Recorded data
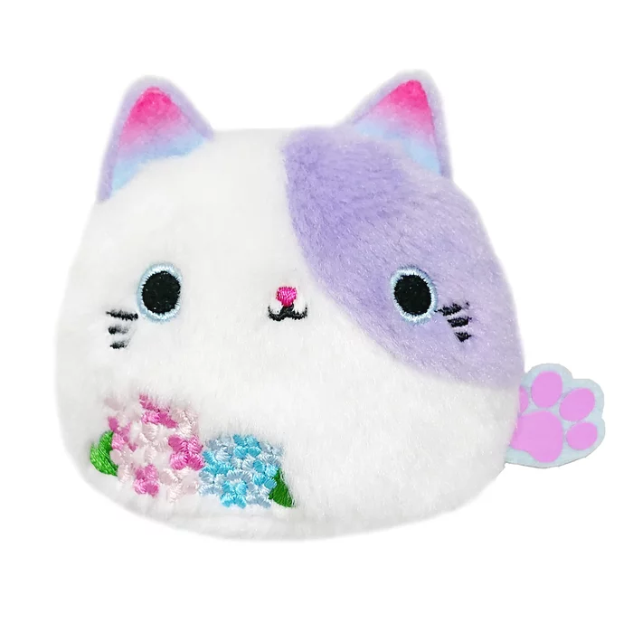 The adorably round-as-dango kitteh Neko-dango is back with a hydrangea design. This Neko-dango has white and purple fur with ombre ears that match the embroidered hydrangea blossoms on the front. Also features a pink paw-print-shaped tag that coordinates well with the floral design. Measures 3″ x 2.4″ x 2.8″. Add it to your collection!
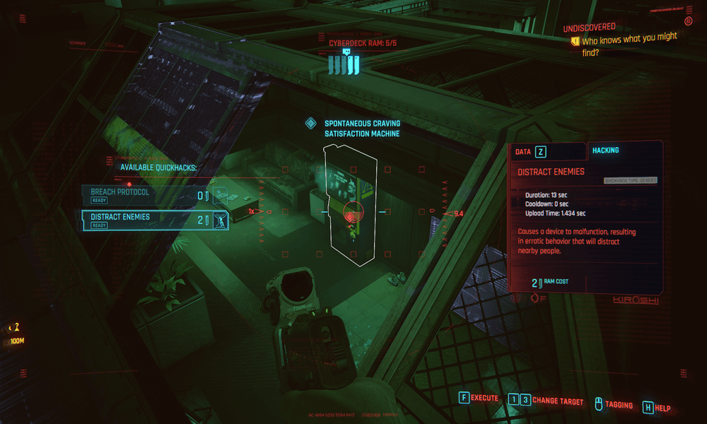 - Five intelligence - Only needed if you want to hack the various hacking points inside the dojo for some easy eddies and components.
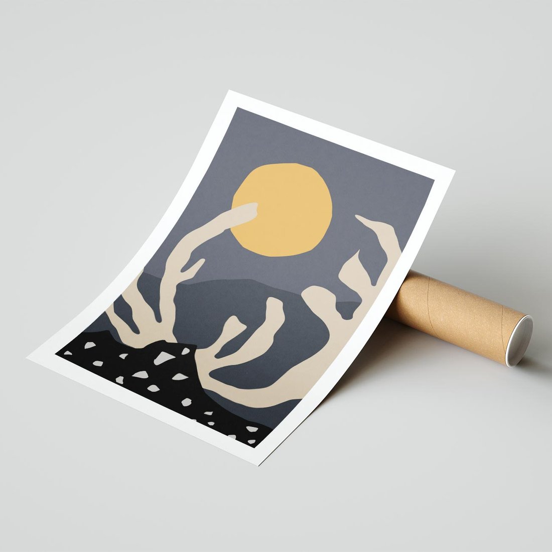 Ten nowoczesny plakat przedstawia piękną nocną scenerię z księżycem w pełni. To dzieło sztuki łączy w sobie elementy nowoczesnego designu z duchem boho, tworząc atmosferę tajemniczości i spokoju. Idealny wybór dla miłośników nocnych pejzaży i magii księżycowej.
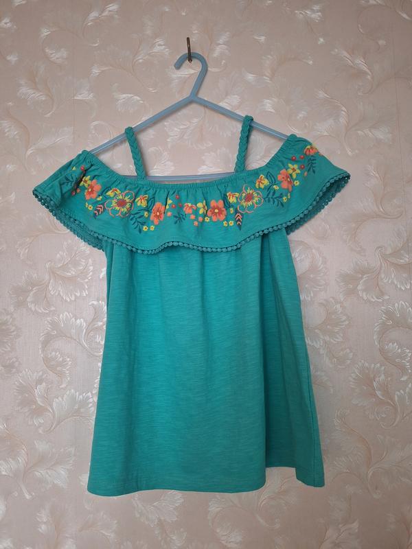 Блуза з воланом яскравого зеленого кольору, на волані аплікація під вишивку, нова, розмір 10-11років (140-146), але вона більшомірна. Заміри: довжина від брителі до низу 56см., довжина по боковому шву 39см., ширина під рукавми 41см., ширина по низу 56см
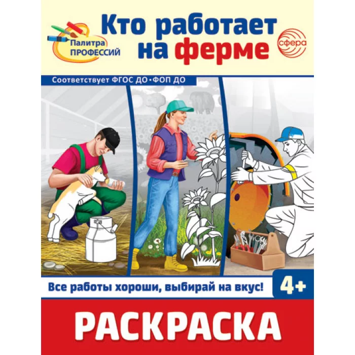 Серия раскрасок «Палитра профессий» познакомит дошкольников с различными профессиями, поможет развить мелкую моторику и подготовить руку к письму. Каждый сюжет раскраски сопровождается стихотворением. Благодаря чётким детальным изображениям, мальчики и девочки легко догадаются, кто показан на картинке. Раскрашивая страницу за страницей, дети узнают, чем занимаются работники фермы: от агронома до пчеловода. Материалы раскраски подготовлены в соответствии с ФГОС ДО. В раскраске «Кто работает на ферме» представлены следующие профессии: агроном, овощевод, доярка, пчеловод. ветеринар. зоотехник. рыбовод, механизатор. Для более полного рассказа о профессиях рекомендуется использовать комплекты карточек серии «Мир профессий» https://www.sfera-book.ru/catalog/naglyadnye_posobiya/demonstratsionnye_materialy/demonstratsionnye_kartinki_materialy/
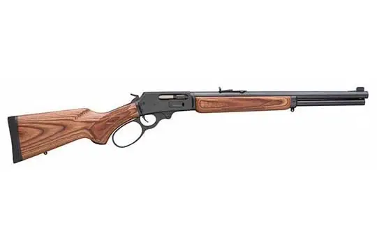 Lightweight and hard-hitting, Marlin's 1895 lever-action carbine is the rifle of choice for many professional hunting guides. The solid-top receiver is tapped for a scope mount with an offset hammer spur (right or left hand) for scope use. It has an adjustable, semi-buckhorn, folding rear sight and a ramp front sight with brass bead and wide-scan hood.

Work to complete
Could you output every record above exactly as written, leaving out the pictures?

Response for this exercise
 The adorably round-as-dango kitteh Neko-dango is back with a hydrangea design. This Neko-dango has white and purple fur with ombre ears that match the embroidered hydrangea blossoms on the front. Also features a pink paw-print-shaped tag that coordinates well with the floral design. Measures 3″ x 2.4″ x 2.8″. Add it to your collection!
 - Five intelligence - Only needed if you want to hack the various hacking points inside the dojo for some easy eddies and components.
 Ten nowoczesny plakat przedstawia piękną nocną scenerię z księżycem w pełni. To dzieło sztuki łączy w sobie elementy nowoczesnego designu z duchem boho, tworząc atmosferę tajemniczości i spokoju. Idealny wybór dla miłośników nocnych pejzaży i magii księżycowej.
 Блуза з воланом яскравого зеленого кольору, на волані аплікація під вишивку, нова, розмір 10-11років (140-146), але вона більшомірна. Заміри: довжина від брителі до низу 56см., довжина по боковому шву 39см., ширина під рукавми 41см., ширина по низу 56см
 Серия раскрасок «Палитра профессий» познакомит дошкольников с различными профессиями, поможет развить мелкую моторику и подготовить руку к письму. Каждый сюжет раскраски сопровождается стихотворением. Благодаря чётким детальным изображениям, мальчики и девочки легко догадаются, кто показан на картинке. Раскрашивая страницу за страницей, дети узнают, чем занимаются работники фермы: от агронома до пчеловода. Материалы раскраски подготовлены в соответствии с ФГОС ДО. В раскраске «Кто работает на ферме» представлены следующие профессии: агроном, овощевод, доярка, пчеловод. ветеринар. зоотехник. рыбовод, механизатор. Для более полного рассказа о профессиях рекомендуется использовать комплекты карточек серии «Мир профессий» https://www.sfera-book.ru/catalog/naglyadnye_posobiya/demonstratsionnye_materialy/demonstratsionnye_kartinki_materialy/
 Lightweight and hard-hitting, Marlin's 1895 lever-action carbine is the rifle of choice for many professional hunting guides. The solid-top receiver is tapped for a scope mount with an offset hammer spur (right or left hand) for scope use. It has an adjustable, semi-buckhorn, folding rear sight and a ramp front sight with brass bead and wide-scan hood.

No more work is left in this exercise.